In Chapters 3 and 4, Dunn clarifies ways in which bodily suffering and occasional miraculous healings factored into efforts to establish not only God's manifestation of his presence among us, but also the sanctity of figures such as Catherine de Saint-Augustin and Didace Pelletier. Especially compelling is Dunn's analysis of how Catherine's Jesuit biographer constructed a narrative for his metropolitan audience that was intended to normalize some of the stranger stories of her struggles with demonic presences: Ragueneau employed tropes from conventional hagiography as a narrative “prosthesis,” so to speak, so that Catherine's cause for canonization could advance and be unhindered by controversies that swirled around her memory.

Beyond all this, Dunn provides her readers with alternatives—however qualified by critical self-distancing—to the contemporary dominant narrative about sickness and disability. Her book encourages us to consider sickness, disease, disability, and our struggles with them within frameworks that posit transcendent horizons and sacred presences and allow us to find more meaning in suffering than our rationalistic culture generally encourages. Additionally, Dunn makes a case for historians to be more open about their personal reasons for working on projects they do and about their participation in the universally human quest for meaning that their subjects also participated in. She demonstrates that more rather than less self-conscious or unembarrassed presentism can sometimes help us avoid more effectively the uncritical imposition of our own contemporary pieties on our historical subjects’ experiences and worldviews.

Dunn could have made this case even more confidently. Many pages of her introduction, as well as additional segments in the book, are devoted to arguing, in qualified and defensive terms, for the sort of history she offers. Dunn's efforts to fend off various possible criticisms from academic peers weigh down her otherwise lucid and at times beautiful writing and scholarly demonstrations. Partly to make book more accessible to the range of nonspecialists as well as specialists that Dunn's ideas deserve to reach, her editors could have done more to help the latter shine through, perhaps by relegating more of the historiographical and theoretical positioning to the endnotes.

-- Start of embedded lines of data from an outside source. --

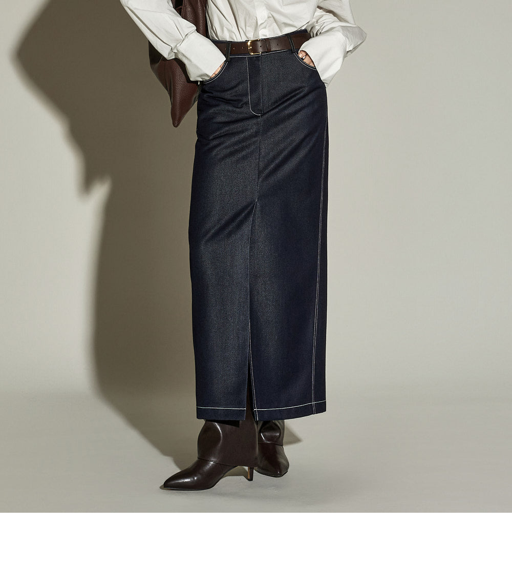 The skirt features an H-line silhouette and front slits for increased mobility,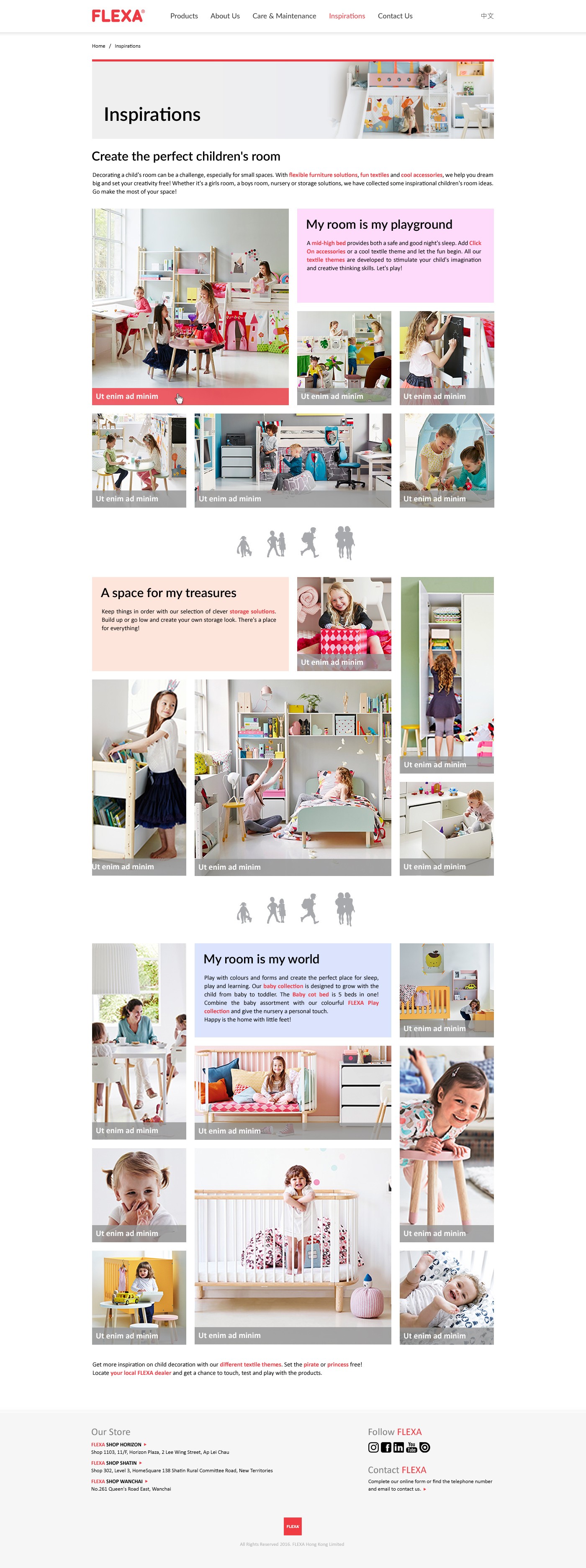 Inspirations: Curated a visually engaging section filled with design ideas and room layouts, encouraging parents to visualize how Flexa products can enhance their children’s spaces.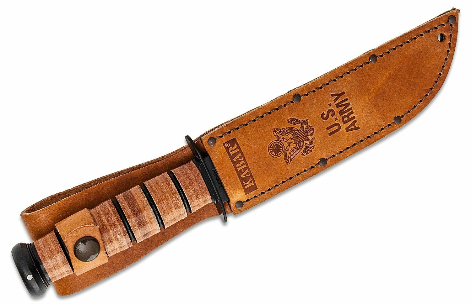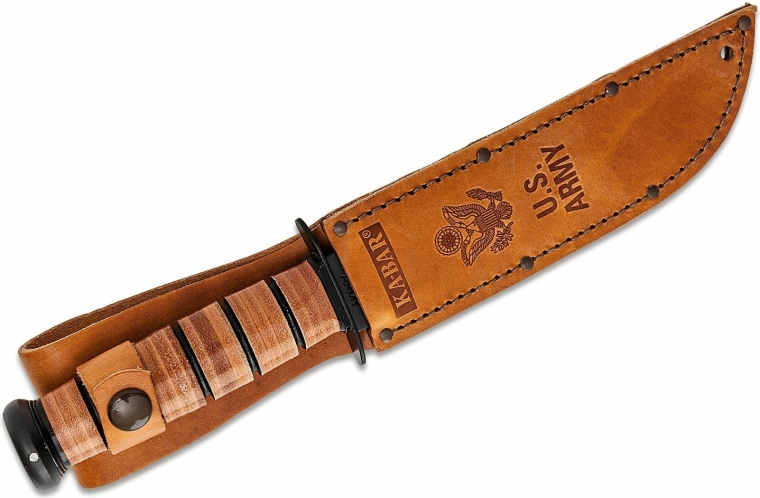 Rękojeść wykonana jest z tłoczonych i szlifowanych skórzanych pierścieni, które zapewniają pewny chwyt i ponadczasowy wygląd. W zestawie znajduje się wysokiej jakości skórzane etui z symbolem i napisem U.S. ARMY, dzięki któremu nóż jest gotowy do bezpiecznego przechowywania lub ekspozycji w kolekcji.

Something specific to the study of early modern Catholicism that Dunn might have given us more of would be her considerations on ways some of the figures she examines may at times have been laying foundations for modern, rationalistic narratives, even while writing within and constructing narratives generally very different from our own. There are interesting tensions in the Relations, for example, to be explored in this vein.

Overall, Where Paralytics Walk and the Blind See is an exceptionally sincere, multifaceted, and thoughtfully composed book. Given its range of scholarly interventions, it would serve well for provoking discussions among graduate students and advanced undergraduates on how to engage with early modern religious texts and how to approach scholarly writing per se in history and religious studies contexts. Finally, this book has the unusual quality of connecting directly with the basic humanity its readers share with the author while maintaining a responsible and critical scholarly voice throughout. Dunn should be thanked for her labors and generosity in offering this book to us.